Teenagers lined up at a nearby booth to receive their fortunes from elders and monks sit, pray, and recite holy words to bring in the Buddhist New Year.

New Year for some Southeast Asian countries is celebrated according to the Buddhist calendar and falls in April. This year, the three-day celebration ran from April 13-15.

While here in America people freeze their butts off in January, Asians have it good with their springtime New Year.

On a small urban street of Providence is a Cambodian Buddhist temple. It’s something like a shack, since there’s not a lot of city support or funds to help build a real one.

At the celebration this month, masses of people gathered into the gates of the temple's front area early in the morning. Incense filled the air while kids and teens roamed around in and out of the temple vicinity.
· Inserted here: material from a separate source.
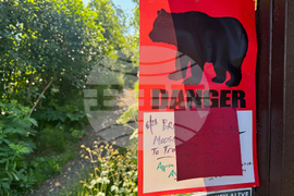 A bear warning sign is posted at the Basher trailhead in Anchorage, Alaska, on Wednesday, July 23, 2025, a day after a hiker was injured by a brown bear about two miles into the trail. (AP Photo/Mark Thiessen)

Morning was a time of prayers for the adults, but kids seemed bored.

The mood changed after the clock struck evening time.

People feasted on rice, noodles, and soup. Kids started to have their own childish celebrations. A white cloud of baby powder appeared out of nowhere.

Then, tradition struck.

A kid ran full speed ahead with a handful of shaving cream.

The infamous powder and cream fight is a modern New Year’s tradition for Cambodian, Thai and Laotian-Americans. Kids run around chasing each other and covering everybody including the adults in baby powder and shaving cream.

This all started one year when a bunch of bored kids decided they were being left out of the very extravagant New Year’s celebrations of their counterparts back in Asia. They decided to have some fun of their own, so they got some powder and shaving cream and started a trend.

Young Larry Loch, who came just for the powder and cream fight, was covered from head to toe in white powder.

"I think it's cool," Loch said.

Enthusiastic fifth-grader Amanda Mariano, just getting ready to experience her first-ever powder and cream fight, said spunkily, "I'm gonna put some shaving cream on people!"

Julienna Som, Mariano’s partner in crime, dashed by with shaving cream on the strands of her hair. "It's fun getting messy!" Som squealed.

The two girls then ganged up on a small boy who had previously dumped a whole container of baby talcum all over Som's friends. The poor little boy was soon engulfed in white powder.

The cloud of baby powder and splatter of shaving cream ended as it got late.

Families and friends headed back home to revel in their own New Year’s celebrations, some in cars and others on foot.

A Cambodian flag fluttered from the top of one departing car.

"Khmer (Cambodian) Pride," the driver yelled out, his flag waving in the wind as the New Year cheer faded away.